I have been member since january 2008,but never introduced myself here.
I am Chris,33 years and drive an Audi TT Quattro 225hp 2000 and a Volkswagen Golf LS 1975 (Swallowtail)

Bought the TT completly original,and changed it too what it is now 

First I bought 9x18 and 10x18 RH ZW4 wheels and a H&R 'gewindefahrwerke'. Painted the wheel centers black.
Also bought a new V6 front bumper and rear diffusior,debadged the rear and UK rear light for the complete red look.
Drove to southern Germany (1600km total) to change the bonnet.....for the more 'angry look'.

2 weeks ago I sold the RH ZW4's and bought a set of 8,5x19 and 9x19 BBS A6 wheels.Got tired of polishing the RH's every 2 weeks...
BBS will get silver paint soon.

Day 1.








Lowered and the RH's








Wheels black and V6 bumper.








Debadged rear.








Changed bonnet








The new wheels..


----------



## Wallsendmag (Feb 12, 2004)

Welcome to the forum


----------



## SAJ77 (Nov 16, 2008)

Love the bonnet...looks 8) :evil:


----------



## malstt (Apr 18, 2007)

Welcome to the forum, love your car. 8)


----------



## jammyd (Oct 11, 2008)

Belated welcome to the forum


----------



## Guest (Jul 5, 2009)

beautiful car! 

The bonnet looks superb!
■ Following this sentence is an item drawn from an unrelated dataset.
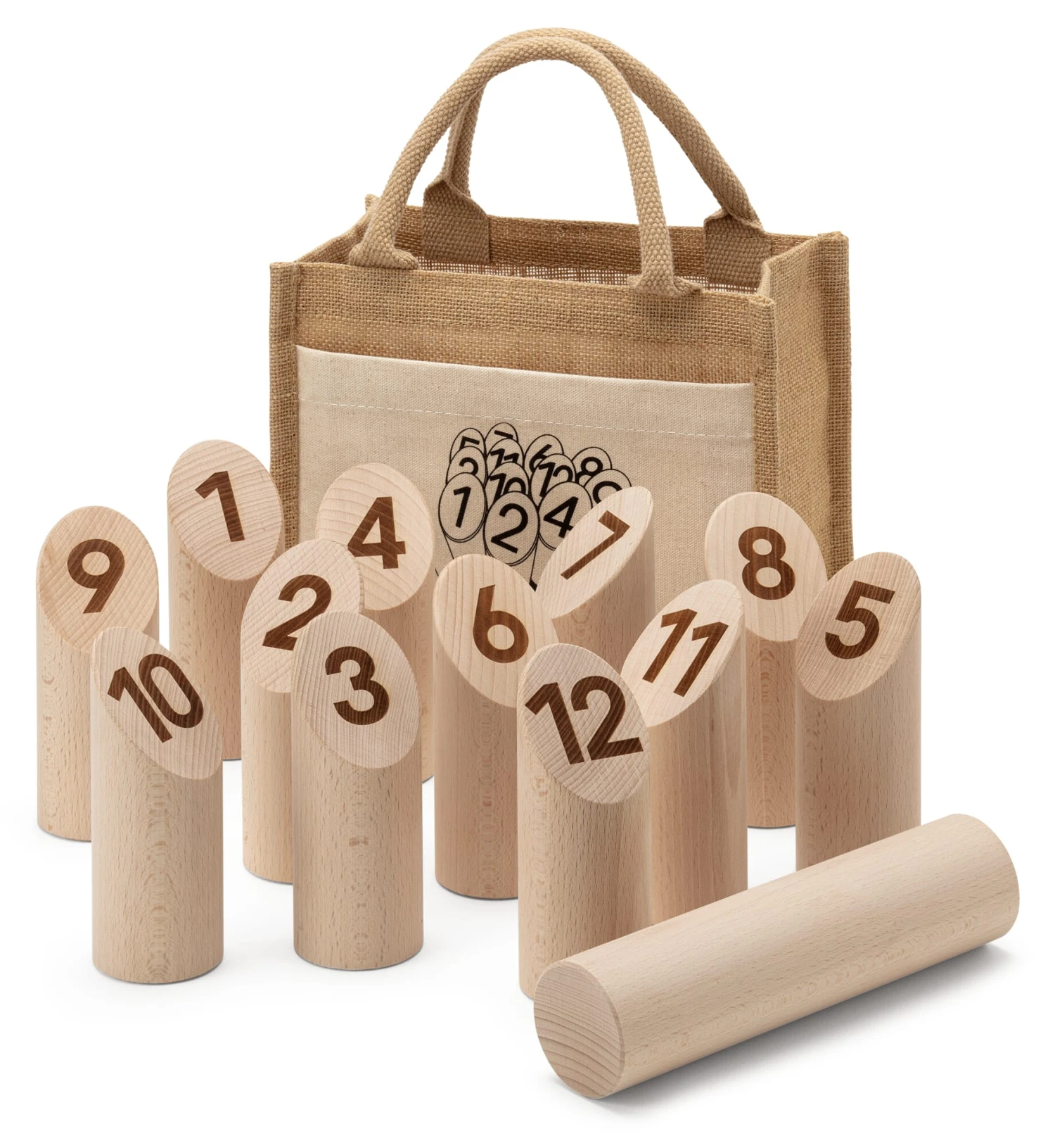 Werfen, Treffen, Punkte zählen – darum geht es beim Weikky. Am Anfang steht, wie so oft, die Ordnung. Zwölf nummerierte Holzkegel werden in festgelegter Gruppierung dicht an dicht aufgestellt. Mithilfe des Wurfholzes müssen die Holzkegel umgeworfen werden – vorgeschlagen sind drei bis vier Meter Entfernung, doch natürlich kann der Abstand gemäß Alter und Wurfkraft der Mitspielenden variiert werden. Um Punkte zu erzielen, genügt es nicht, die Kegel zu treffen, oh nein. Die getroffenen Kegel müssen auch möglichst schwungvoll umfallen – denn nach dem Punktezählen werden sie an just der Stelle wieder aufgestellt, auf die ihre Spitze zeigt, nachdem sie gefallen, möglicherweise auch geflogen sind. Der Abstand der Kegel zueinander und die Spielfläche vergrößern sich also mit jedem Wurf und Treffer – und damit auch der Schwierigkeitsgrad, einen Kegel zu treffen. Fällt nur ein Kegel, wird die Punktzahl gezählt, die in den Holzkegel groß eingraviert und damit dauerhaft lesbar ist. Bei allem Siegeswillen werden Sie sich also nicht mit kaum zu entziffernden Zahlen aus Ihrer Trefferquote herausargumentieren können. Fallen dagegen mehrere Kegel, wird deren Anzahl addiert. Vielleicht möchten Sie sogar Ihre eigene Ergebnisformel entwerfen, doch welche Variante Sie auch wählen: Exakt 50 Punkte, nicht mehr, nicht weniger, muss in Summe erzielen, wer siegreich aus dem Spiel hervorgehen will. Sollten Sie mit Ihrem (vorerst) letzten Treffer über diesen Punktestand hinausschießen, werden Sie auf 25 Punkte zurückgesetzt und dürfen sich erneut an die 50er-Marke heranpirschen … ach nein, heranwerfen. Ein gutes Auge, ein koordiniert kraftvoller Wurfarm und eine geschickte (Zahlen-)Strategie sind also erforderlich, um als Sieger*in Einlass in die Ruhmeshalle des Weikky zu finden. Möge das Wurfspiel beginnen!

Is that custom work, or did you buy it from somewhere?


----------



## YELLOW_TT (Feb 25, 2004)

Welcome very nic looking TT


----------



## chris tt (Jan 13, 2008)

manphibian said:


> beautiful car!
> 
> The bonnet looks superb! Is that custom work, or did you buy it from somewhere?


The bonnet is custom work...welding is done at RTS-tuning near Ingolstadt (Germany)

The straightening and painting I did myself (its my job)


----------